Our calculated d.c. conductivity values are shown in Fig. 3c. As seen in the reflectivity and temperature data, we do not see a statistical difference between MgO and (Mg,Fe)O. The d.c. conductivity at U_s < 18 km s⁻¹ is omitted as its reflectivity is at the detection limit and the flat reflectivity profile may indicate bound electron contribution or melting, not the d.c. conductivity. The d.c. conductivity estimates based on our shock experiments broadly agree with our DFT-MD calculations. However, our estimate differs substantially from previous DFT-MD work on MgO, (Mg_0.95,Fe_0.05)O and (Mg_0.75,Fe_0.25)O (ref. ⁴⁸), which are shown as the beige solid line and the blue and grey dashed lines in Fig. 3c. The lines for MgO and (Mg_0.95,Fe_0.05)O seem to overlap in this figure, but their values differ by approximately six times (for example, their electrical conductivities are 13 S m⁻¹ and 84 S m⁻¹ at 488 GPa, respectively). These DFT-MD calculations underestimate the d.c. conductivity compared with our shock experiments for MgO and (Mg_0.95,Fe_0.05)O by orders of magnitude. There are several reasons for this discrepancy. First, the DFT-MD calculations conducted by Holmstrom et al.⁴⁸ focus on the pressure ranges at 0–300 GPa and 2,000–10,000 K, which are lower than our experimental P and T conditions, and therefore these calculations may not be directly comparable with our experiments. Second, Holmstrom et al.⁴⁸ state that their analytical model (Supplementary Section 3) may not be very accurate over a broad pressure range, because the d.c. conductivity depends on the pressure nonlinearly due to several effects, including the iron high-spin to low-spin transition.

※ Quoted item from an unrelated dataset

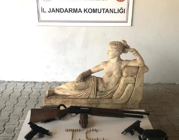 Bursa İl Jandarma Komutanlığı ekipleri, kaçak kazı ihbarı üzerine Fevziye Mahallesi’ndeki bir eve operasyon düzenlendi. Evde yapılan aramada, mahallede yapılan kazıda bulunduğu tespit edilen heykel ile 2 tabanca ve 1 tüfek ele geçirildi. Roma Dönemi’ne ait değerlendirilen 3 bin yıllık heykel, teslim edilmek üzere Bursa Müzeler Şube Müdürlüğü’ne götürüldü. Evde bulunan A.U., İ.M. ve A.Ç. gözaltına alındı.
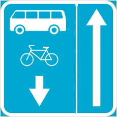 обозначается дорога, по которой движение транспортных средств общего пользования, велосипедов, мопедов и мини-мопедов осуществляется по специально выделенной полосе навстречу общему потоку транспортных средств

The observation of a negligible iron effect on the electrical conductivity can be explained because MgO itself can be metallic under high pressures due to its bandgap closure⁴⁰ and, therefore, the iron contribution becomes a secondary effect. Another potential explanation is that the Fe content in our sample was small (up to 0.05), and a higher Fe content may be required to test this Fe effect. Further DFT-MD simulations and experiments with different target designs over a broader range (0–500 GPa) would be needed to address this question.

Implications for dynamos in super-Earths

Electrical conductivity scaling relation

Our shock experiments robustly show the Hugoniot relations of (Mg,Fe)O. However, temperatures along the Hugoniot are much higher than those in planetary interiors. Here we suggest an Arrhenius-like electrical conductivity fit (see a similar fit in ref. ⁴⁸) for our MgO, (Mg_0.98,Fe_0.02)O and (Mg_0.95,Fe_0.05)O based on our experiments:

$$\sigma \approx{\sigma }_{0}\exp \left(-\frac{\Delta E+P\Delta V}{RT}\right).$$

(2)

We assume that the reference electrical conductivity σ₀, the activation energy ΔE and the activation volume ΔV are constant, even though they may depend on the temperature T and pressure P. The best parameter values based on our experiments are σ₀ = (3.2897 ± 0.5595) × 10⁵ S m⁻¹, ΔE = 345.919 ± 19.277 kJ mol⁻¹ and ΔV = (−10.765 ± 5.859) × 10⁻⁸ m³ mol⁻¹. The P in equation (2) is in pascals. This simple model can reasonably reproduce the Hugoniot data in the pressure range 467–1,400 GPa (Supplementary Fig. 3), which corresponds to CMB pressures of 3.5–9 M_⊕ planets, but the model is less certain between 467 and 570 GPa because the reflectivity data with U_s < 18 km s⁻¹ were not taken into account. Here we assume that the electrical conductivity is approximately described by the d.c. conductivity (zero frequency). This is reasonable because currents associated with the macroscopic planetary magnetic field vary over much longer timescales than microscopic electron scattering timescales, and therefore, assuming a near-zero frequency for electromagnetic fields is appropriate here.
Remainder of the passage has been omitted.